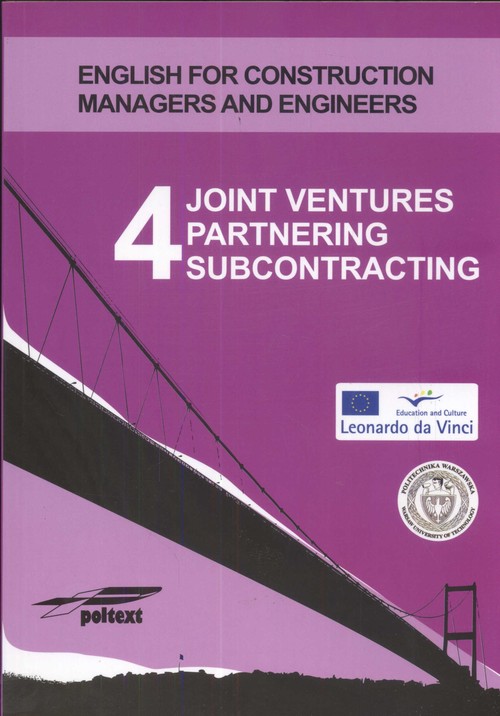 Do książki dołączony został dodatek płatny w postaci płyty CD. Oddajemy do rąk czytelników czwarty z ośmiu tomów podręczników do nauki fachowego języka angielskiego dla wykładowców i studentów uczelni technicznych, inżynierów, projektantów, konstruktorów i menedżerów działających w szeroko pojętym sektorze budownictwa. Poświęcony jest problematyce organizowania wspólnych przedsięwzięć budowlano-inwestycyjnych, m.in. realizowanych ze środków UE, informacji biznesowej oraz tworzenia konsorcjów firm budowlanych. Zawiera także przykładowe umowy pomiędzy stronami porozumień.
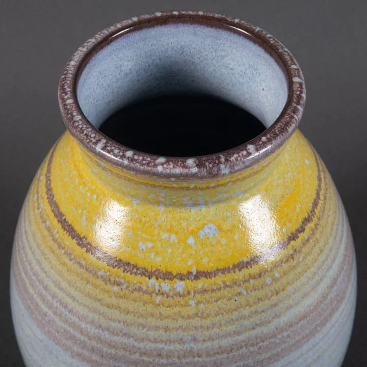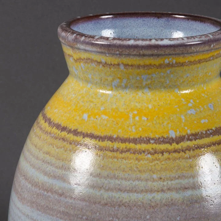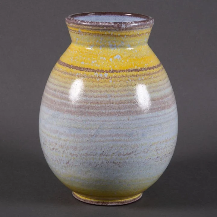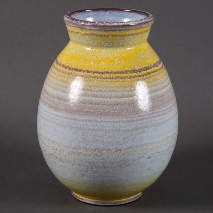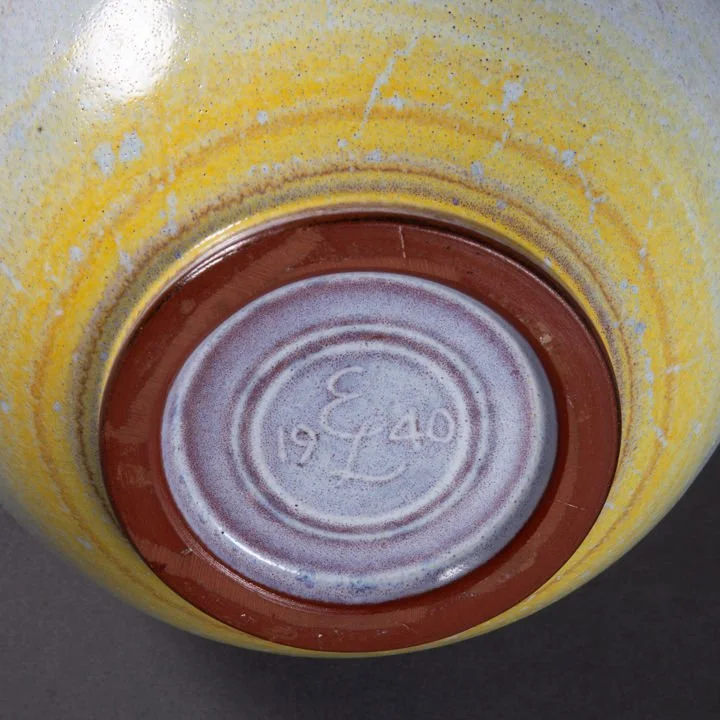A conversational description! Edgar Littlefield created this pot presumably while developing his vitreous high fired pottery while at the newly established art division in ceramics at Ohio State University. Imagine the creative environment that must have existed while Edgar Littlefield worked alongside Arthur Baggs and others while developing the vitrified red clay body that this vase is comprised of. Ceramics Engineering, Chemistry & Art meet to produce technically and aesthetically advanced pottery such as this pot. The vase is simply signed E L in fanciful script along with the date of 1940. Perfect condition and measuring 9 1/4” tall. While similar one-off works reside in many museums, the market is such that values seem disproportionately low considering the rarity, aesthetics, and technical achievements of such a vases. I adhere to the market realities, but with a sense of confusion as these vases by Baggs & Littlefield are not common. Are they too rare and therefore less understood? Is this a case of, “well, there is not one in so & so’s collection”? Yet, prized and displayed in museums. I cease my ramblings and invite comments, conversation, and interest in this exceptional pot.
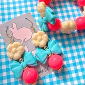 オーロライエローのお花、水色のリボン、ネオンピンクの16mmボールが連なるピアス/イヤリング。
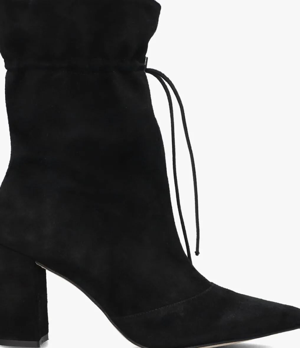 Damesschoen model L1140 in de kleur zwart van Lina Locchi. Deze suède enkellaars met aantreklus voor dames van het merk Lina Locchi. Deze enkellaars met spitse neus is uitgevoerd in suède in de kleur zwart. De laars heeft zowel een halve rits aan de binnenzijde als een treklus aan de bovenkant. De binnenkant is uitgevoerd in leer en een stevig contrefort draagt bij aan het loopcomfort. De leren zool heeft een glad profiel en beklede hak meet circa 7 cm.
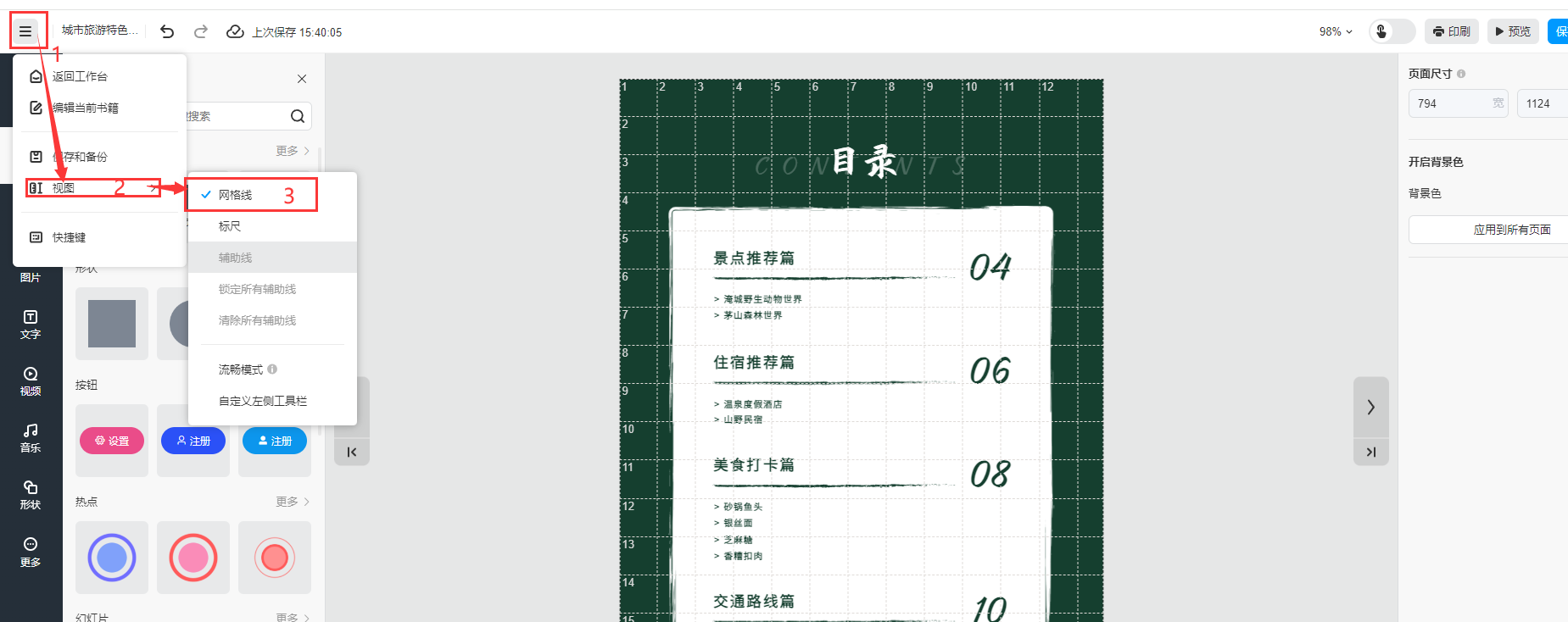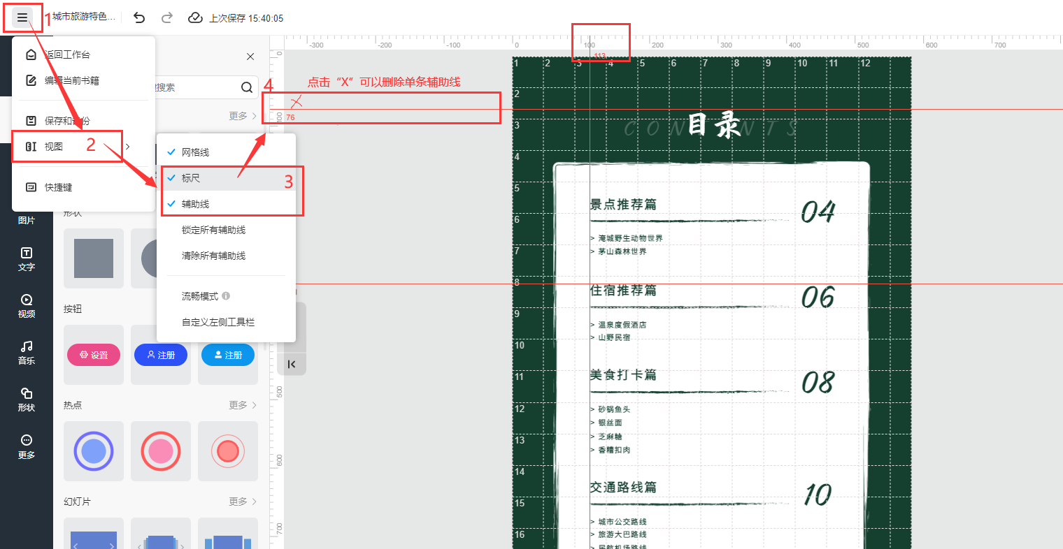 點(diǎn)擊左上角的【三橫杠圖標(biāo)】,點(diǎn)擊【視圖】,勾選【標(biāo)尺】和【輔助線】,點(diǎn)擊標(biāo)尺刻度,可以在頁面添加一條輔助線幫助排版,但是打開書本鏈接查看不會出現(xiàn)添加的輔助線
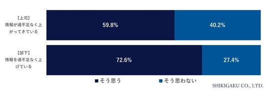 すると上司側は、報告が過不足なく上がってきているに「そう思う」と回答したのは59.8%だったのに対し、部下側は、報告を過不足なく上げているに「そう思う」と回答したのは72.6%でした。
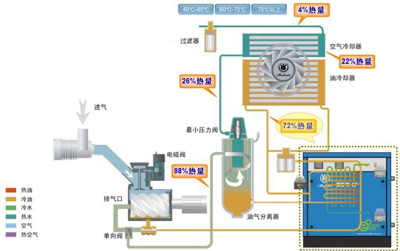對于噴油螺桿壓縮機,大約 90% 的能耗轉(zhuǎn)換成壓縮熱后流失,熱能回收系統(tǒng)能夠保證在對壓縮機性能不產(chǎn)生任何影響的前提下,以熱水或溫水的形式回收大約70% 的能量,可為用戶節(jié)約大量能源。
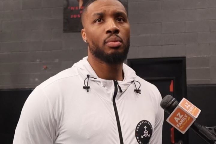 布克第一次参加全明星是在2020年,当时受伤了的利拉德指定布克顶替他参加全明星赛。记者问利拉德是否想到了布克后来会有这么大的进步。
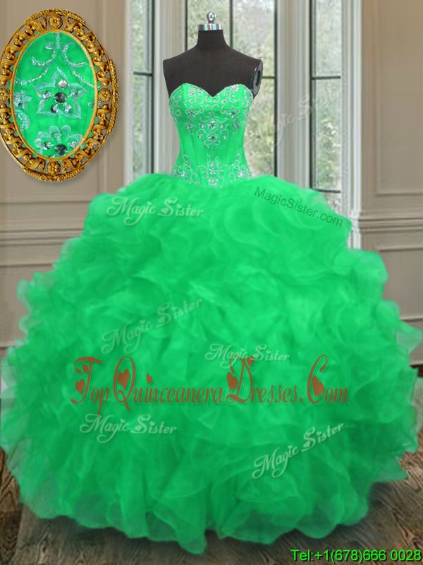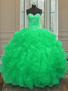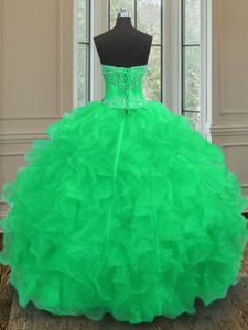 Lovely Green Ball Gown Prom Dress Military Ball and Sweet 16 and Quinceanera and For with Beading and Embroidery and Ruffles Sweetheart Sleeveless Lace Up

• • • • •

→ Problem to solve
Of all the material above, only the lines from the one that has "すると上司側は、報告が過不足" down to the one that has "布克第一次参加全明星是在20" are to be written out, exactly and with both ends included. Pictures are skipped.

→ Final answer
 すると上司側は、報告が過不足なく上がってきているに「そう思う」と回答したのは59.8%だったのに対し、部下側は、報告を過不足なく上げているに「そう思う」と回答したのは72.6%でした。
對于噴油螺桿壓縮機,大約 90% 的能耗轉(zhuǎn)換成壓縮熱后流失,熱能回收系統(tǒng)能夠保證在對壓縮機性能不產(chǎn)生任何影響的前提下,以熱水或溫水的形式回收大約70% 的能量,可為用戶節(jié)約大量能源。
 布克第一次参加全明星是在2020年,当时受伤了的利拉德指定布克顶替他参加全明星赛。记者问利拉德是否想到了布克后来会有这么大的进步。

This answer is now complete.